I'm starting to look into playing the decline in the Spanish bubble. Anybody got any suggestions? It doesn't appear IB lets you short any Spanish securities directly.

BC



To: orkrious who wrote (81157)4/25/2007 4:15:59 PM
From: Perspective  Read Replies (2) | Respond to of 110194
 
<rant on>Well, another day, another explosion upward. I'm so sick and tired of watching irresponsible investors get rewarded for paying exorbitant multiples of earnings and cash flow, hearing about all the BS private equity deals, and watching the emerging markets go up every fricken day. I guess I'm just stupid for thinking that reality will ever matter ever again, or that any central bank will ever give a sh*t about the asset bubbles in progress. Stupid for expecting there to ever be another bear market, and that it might have something to do with the collapse of the housing bubble that rescued the stock market bubble and cranked up the money supply in China. I keep trying to maintain some short exposure, because the rational part of me says that the hyperreality must end at some point, but I can't believe - I'm just STUNNED - at how long it manages to go on. The emerging markets are *clearly* in a bubble blowoff now. What the hell are the central bankers waiting for? Do they think it's better to just stand idly by and see how big it will become? No, actually they're not standing idly by even. They're encouraging it, feeding it, every single day, buying dollars and dollar-denominated securities, shoving huge amounts of Yuan into the local economy.

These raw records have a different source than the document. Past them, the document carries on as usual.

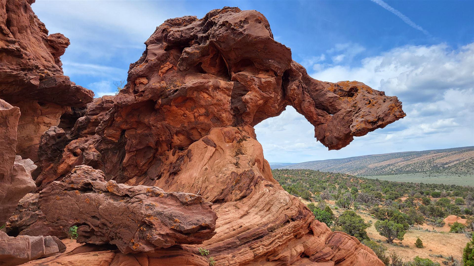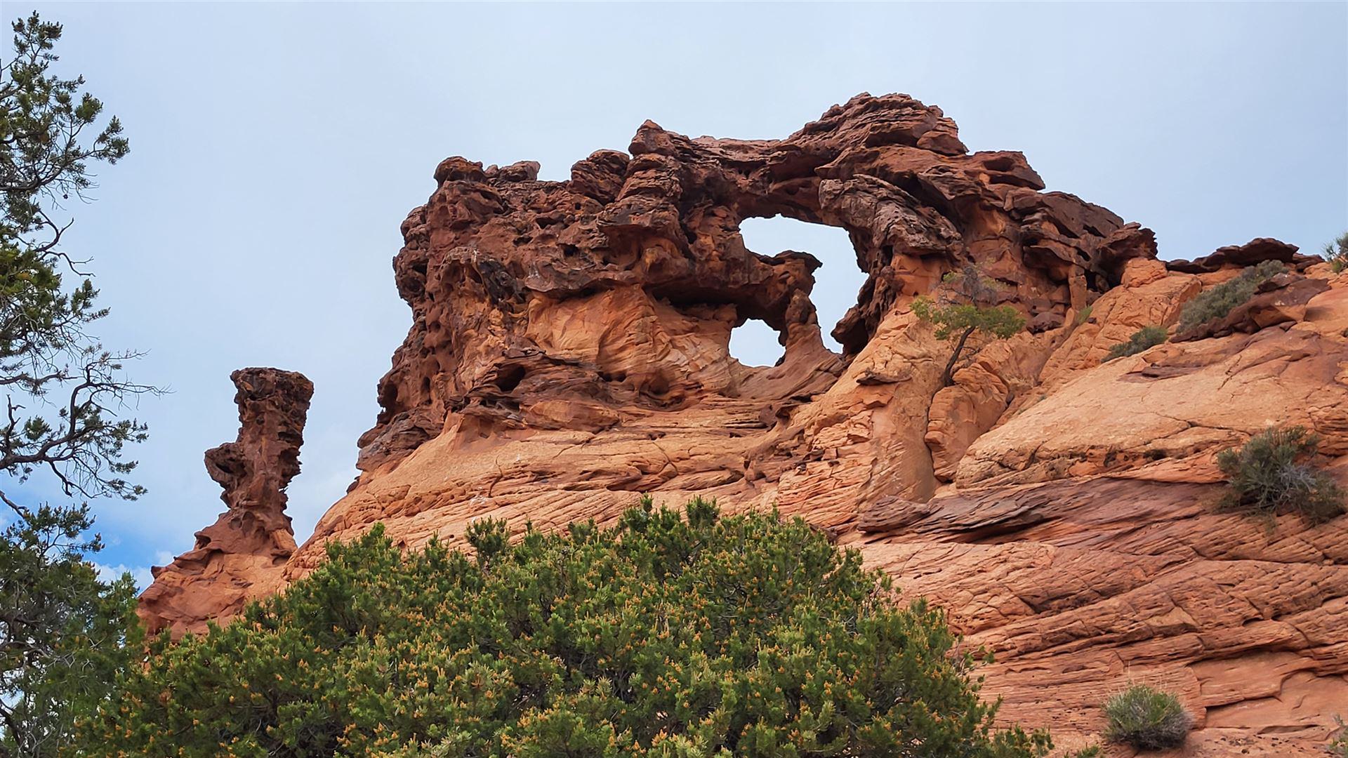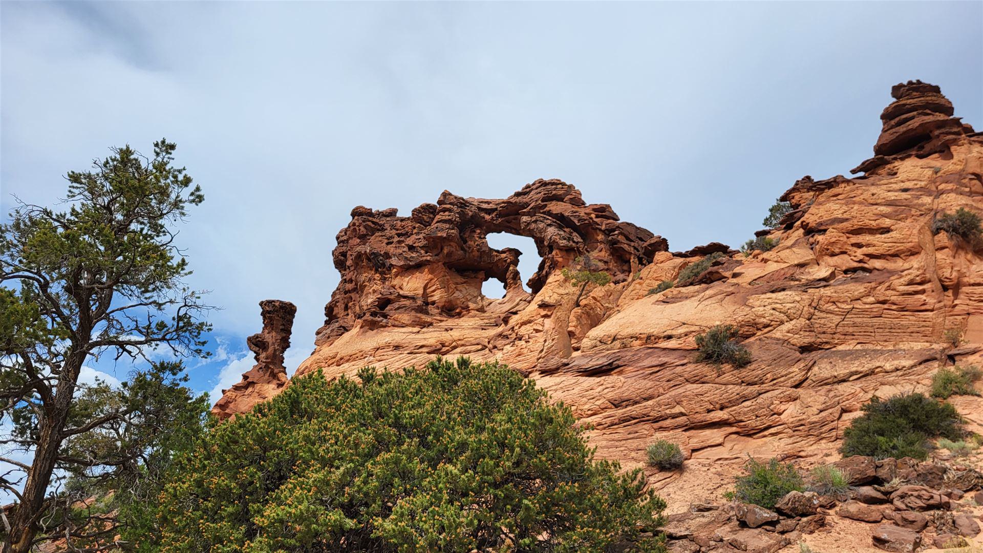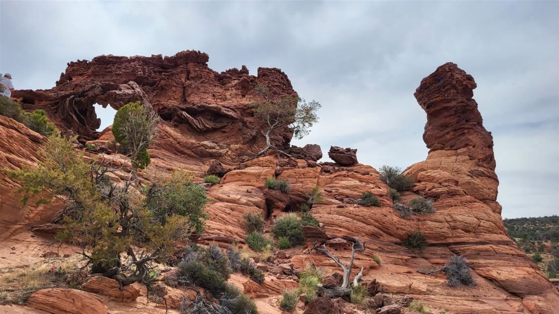 Wir haben einen uns bis dato völlig unbekannten Arch gefunden. Offiziell als Double Barrel Arch in der Topo Map meines Gaiagps verzeichnet, hat uns der Name aber nicht so gefallen und wir haben ihn schlicht und ergreifend Jim Knopf Arch genannt. Von der House Rock Valley Road aus sah er nämlich genau wie die legendäre Lokomotive von Jim Knopf aus. Man hätte natürlich auch Emma-Arch sagen können, denn so hieß die Lok von Lukas, der wiederum der Lokomotivführer war. Viele Namen, uns fiel halt nur Jim Knopf ein. Musste reichen.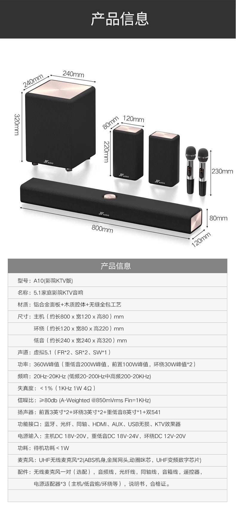 万音A10回音壁电视音响家庭影院套装无线环绕蓝牙家庭K歌外接音箱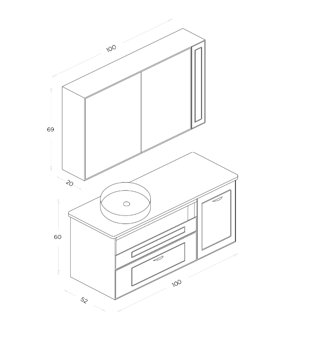 Shower Trio Banyo Dolabı 100cm Sahra-Beyaz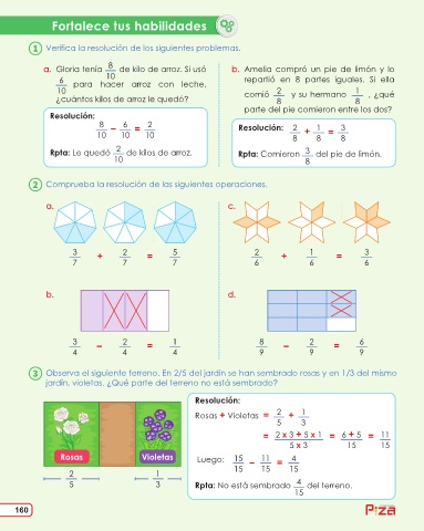 a. Gloria tenía de kilo de arroz. Si usó b. Amelia compró un pie de limón y lo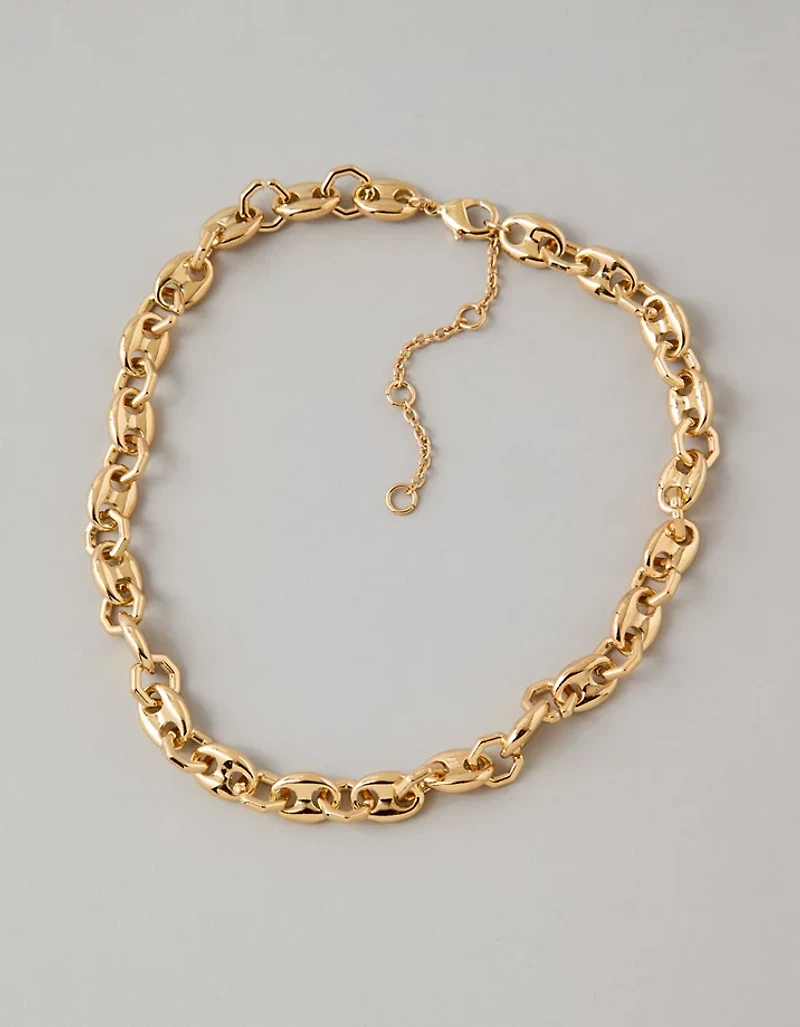 This necklace features a chunky chain and adjustable length.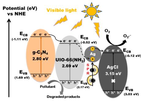 引自:Fabrication of heterostructured Ag/AgCl@g-C3N4@UIO-66(NH2)Ka2新型光催化網(wǎng)_水庫治理_河道治理_水生態(tài)修復(fù)_水環(huán)境治理與修復(fù)_江蘇雙良環(huán)境科技有限公司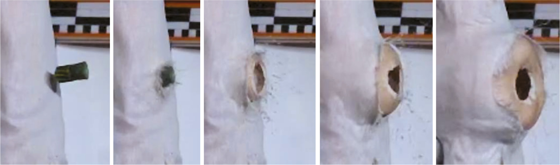 The main differences in the morphological characteristics of the gunshot wounds were determined based on the terminal ballistics of the bullets. Due to the presence of a recess in the head part, the UNO 35E bullet was destroyed upon hitting the biological simulator and its fragments penetrated the tissues as independent missiles, forming several exit wounds. The non-expanding bullet UNO 35 was unfragmented, but only deformed in the head part, forming classical gunshot damage with a rectilinear, tapered expanding channel along the bullet movement and one exit hole. The destruction of UNO 35E transfers a greater part of the kinetic energy in comparison with UNO 35, as indicated by variations in the morphological characteristics of the exit damage. The UNO 35 bullet exits the target with kinetic energy sufficient to achieve penetrating action (minus-tissue defect in 100% of the exit wounds), compared to 50% with the UNO 35E bullet, including blunt-through damage. The high-speed video revealed that (Fig. 4), when an expanding bullet hits, an extensive temporary pulsating cavity is formed in the soft tissues, causing marginal radial ruptures both on the clothing and the skin of the biological imitators adjacent to the entry hole, highly similar to the damage caused in the first zone of the close range of the shot (Fig. 4).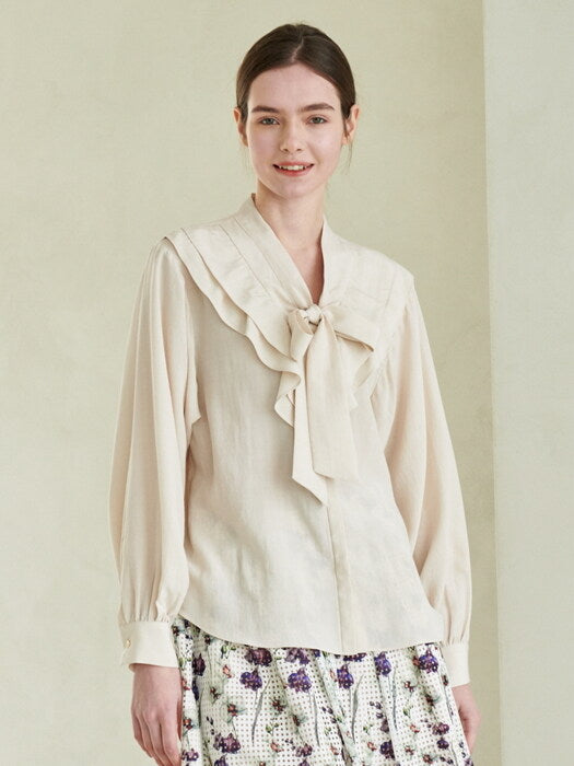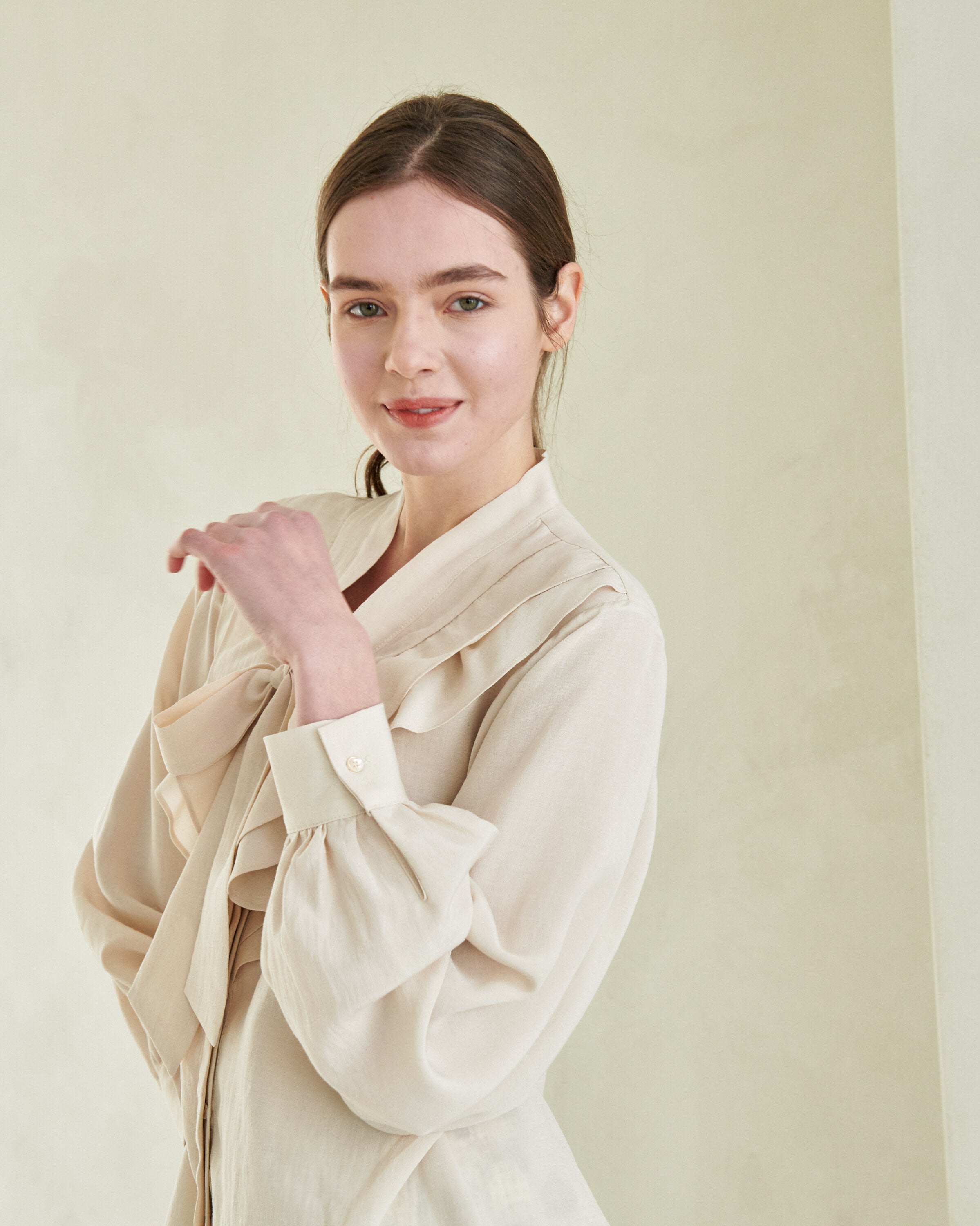 Infused with romantic charm, this linen blouse by Laura Ren features a statement ruffled sailor collar and a soft bow tie detail that frames the neckline with vintage-inspired grace. Made from breathable, natural linen, it offers a relaxed yet refined silhouette, complete with voluminous long sleeves and buttoned cuffs for subtle structure. This blouse effortlessly balances softness with sophistication, making it ideal for pairing with flowing skirts or tailored trousers. Whether styled for daytime outings or elevated weekend wear, Laura Ren’s design brings timeless femininity to every look with a modern linen update.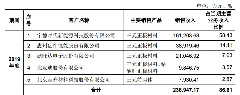 容百科技2019年前五大客戶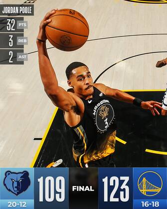 Gli Warriors vincono contro i Grizzlies grazie ai 32 punti di Jordan Poole (poi espulso) e ai 24 di Klay Thompson, mentre sono 36 quelli raccolti da Ja Morant. Tripla doppia da 41-15-15 per Nikola Jokic nella vittoria all'OT in rimonta di Denver contro Phoenix, Joel Embiid domina a New York e Philadelphia fa otto in fila. Doncic&Wood travolgono i Lakers con un super terzo quarto da 51 punti e condannano LeBron James al ko (38 punti), Jayson Tatum ne segna 41 nel successo Celtics sui Bucks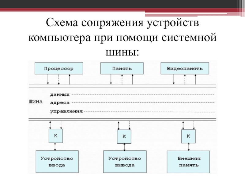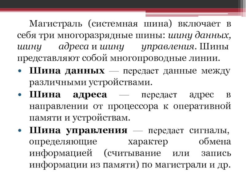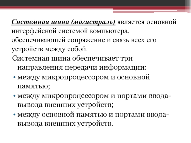 Системная шина (магистраль) является основной интерфейсной системой компьютера, обеспечивающей сопряжение и связь всех его устройств между собой.
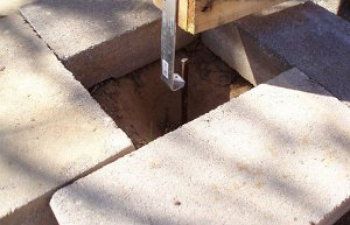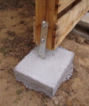 Since the construction of a shed is quite a simple one, there is no need in thinking too much about the base of it. This is how it is made here: we dig out holes and insert reinforcement in them. We lay down the blocks so that there is a rectangular cross section.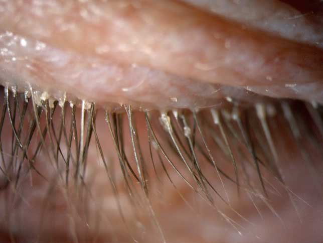 其實(shí)蠕形螨主要活動(dòng)在毛囊和皮脂腺中,以皮膚碎屑和腺體分泌物作為食物來源,而睫毛根部的瞼板腺是排泄油脂的重要部位,因此眼睫毛和瞼板腺也是螨蟲的主要活動(dòng)場所。

When is this crap all going to end? I just want an environment where I can earn a decent (high-single digit?) return after inflation without having to drink the kool-aid and depend upon the mass stupidity in progress.

Jesus - how quickly we forgot the Nasdaq bubble...

Is it EVER going to end?!? I thought I would pull my hair out before the 2000 bubble finally popped, but this is even worse.